● **Provided records**
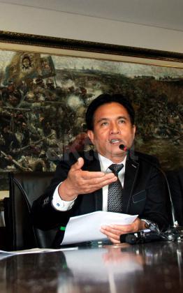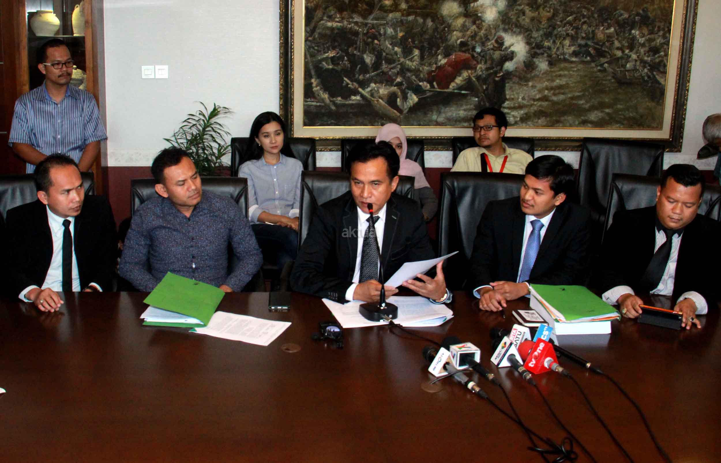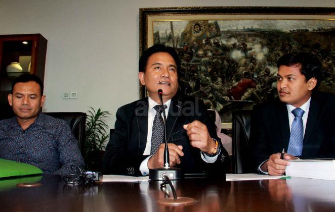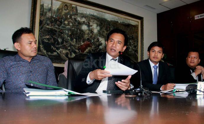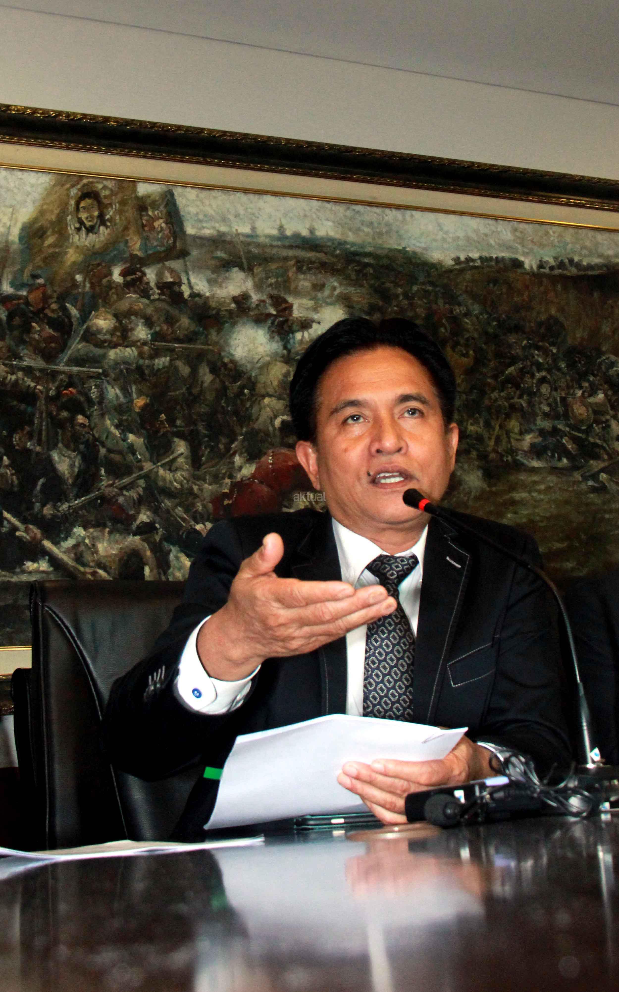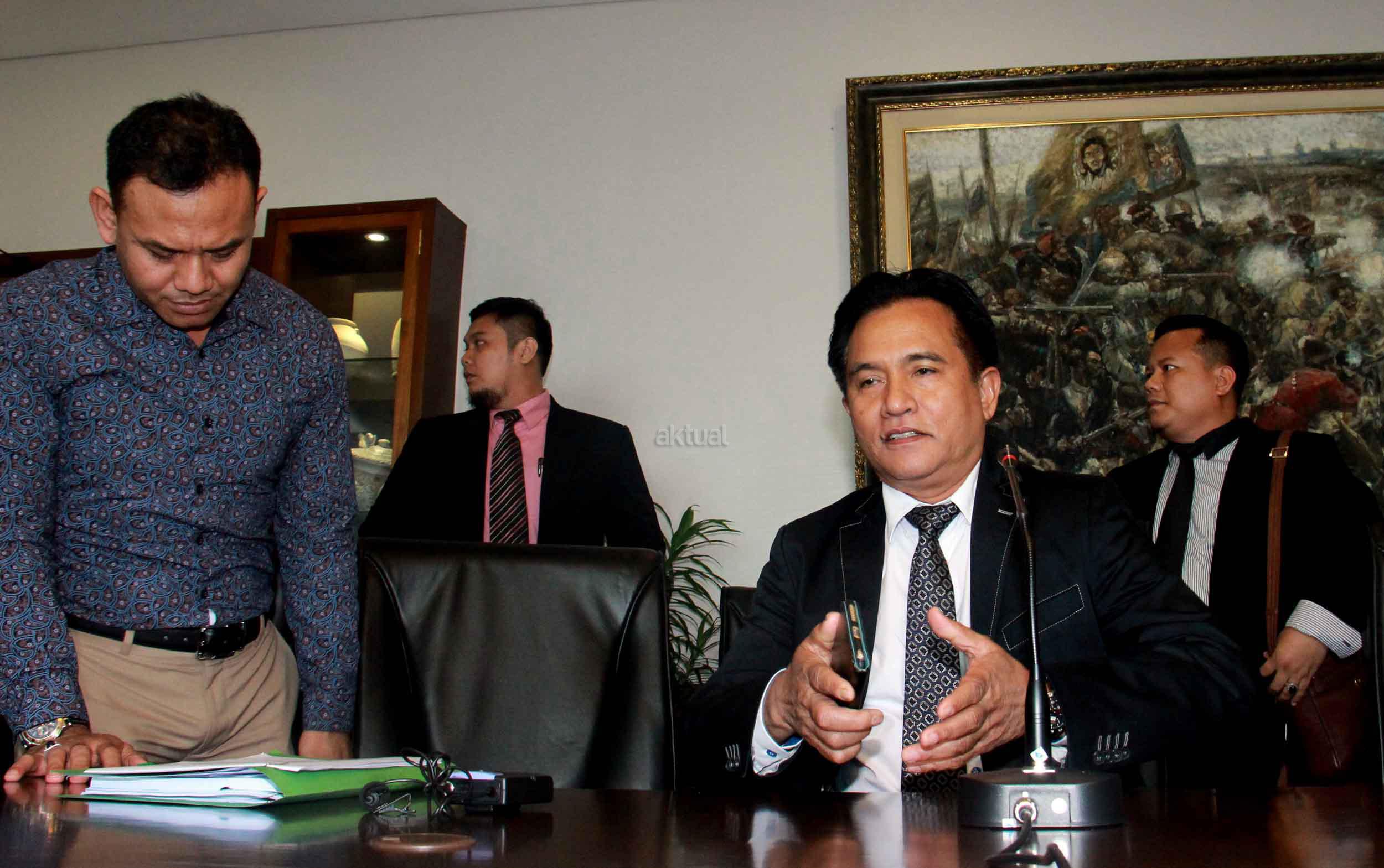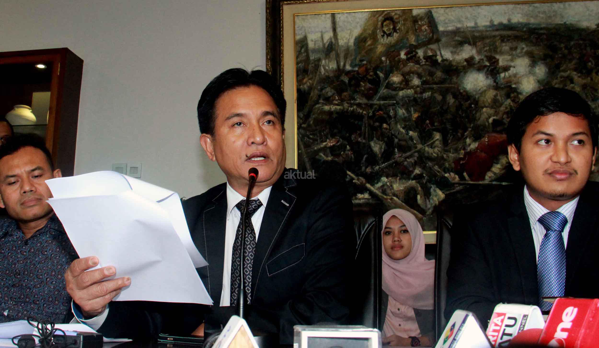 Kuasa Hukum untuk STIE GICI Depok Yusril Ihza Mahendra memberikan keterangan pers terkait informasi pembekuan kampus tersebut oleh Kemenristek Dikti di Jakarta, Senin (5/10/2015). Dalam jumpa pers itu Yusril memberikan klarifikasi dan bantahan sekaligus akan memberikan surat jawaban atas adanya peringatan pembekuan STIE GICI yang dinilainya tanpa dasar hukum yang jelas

--

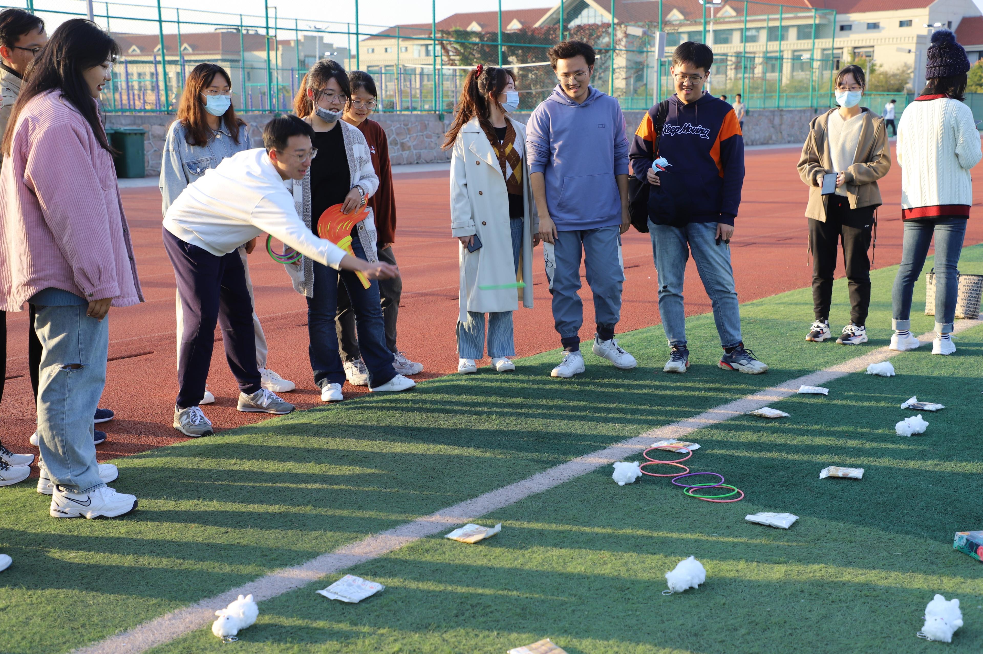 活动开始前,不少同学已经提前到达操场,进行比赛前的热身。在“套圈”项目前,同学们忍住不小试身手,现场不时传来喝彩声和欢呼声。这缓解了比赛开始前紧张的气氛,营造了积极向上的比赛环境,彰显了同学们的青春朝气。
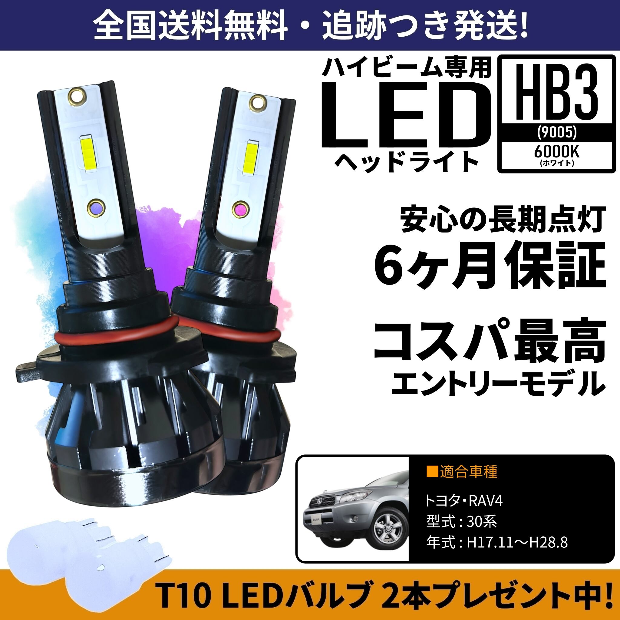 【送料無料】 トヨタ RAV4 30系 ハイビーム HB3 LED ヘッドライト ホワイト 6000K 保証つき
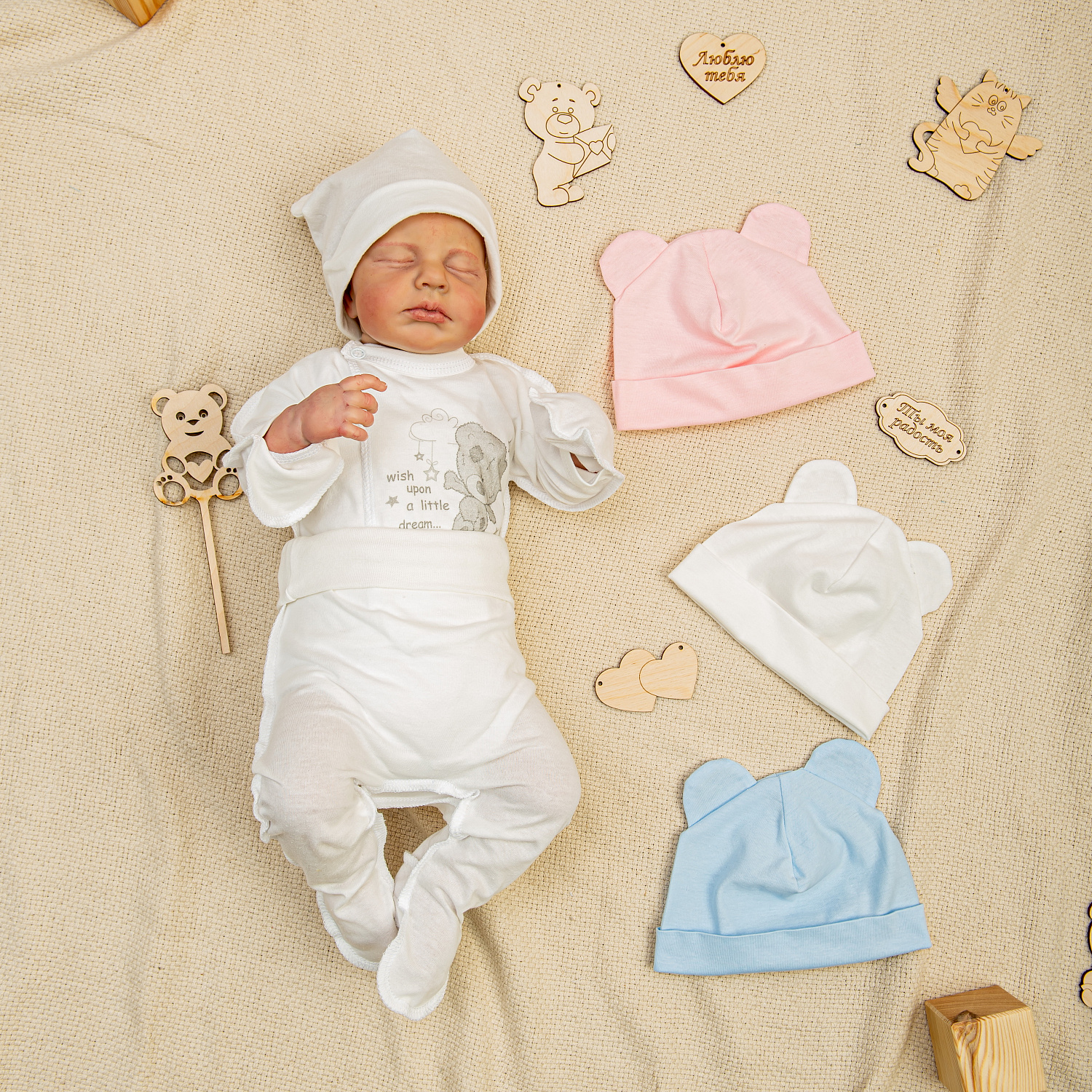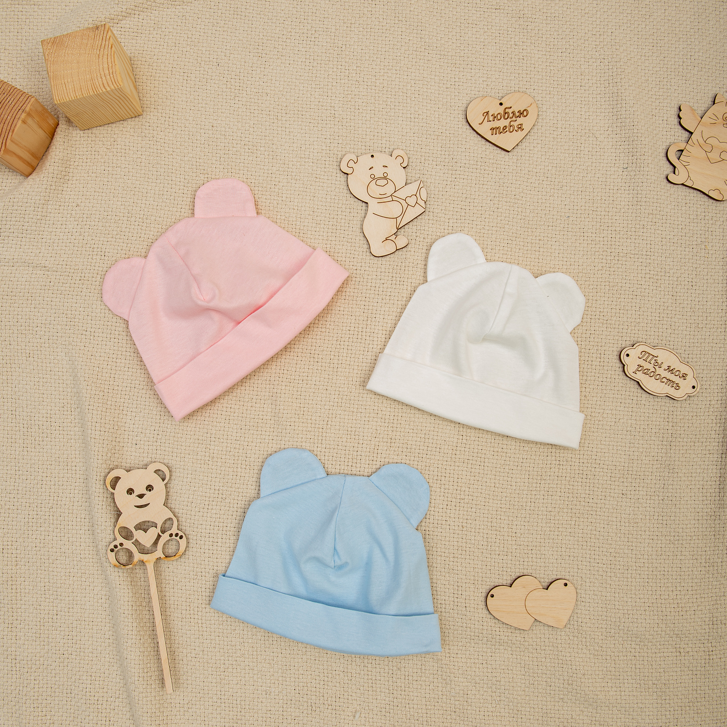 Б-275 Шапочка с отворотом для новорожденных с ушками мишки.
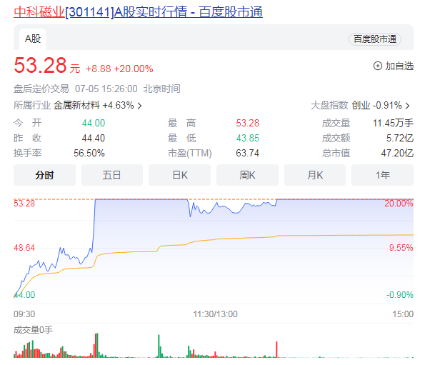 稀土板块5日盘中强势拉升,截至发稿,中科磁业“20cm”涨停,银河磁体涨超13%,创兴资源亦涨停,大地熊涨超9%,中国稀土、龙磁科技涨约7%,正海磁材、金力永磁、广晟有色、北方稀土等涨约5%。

● **Task directions**
Output exactly the lines of the listing above that start with the one holding "Б-275 Шапочка с" and go on through the one holding "稀土板块5日盘中强势拉升,截"; leave the pictures out.

● **Task answer**
 Б-275 Шапочка с отворотом для новорожденных с ушками мишки.
 稀土板块5日盘中强势拉升,截至发稿,中科磁业“20cm”涨停,银河磁体涨超13%,创兴资源亦涨停,大地熊涨超9%,中国稀土、龙磁科技涨约7%,正海磁材、金力永磁、广晟有色、北方稀土等涨约5%。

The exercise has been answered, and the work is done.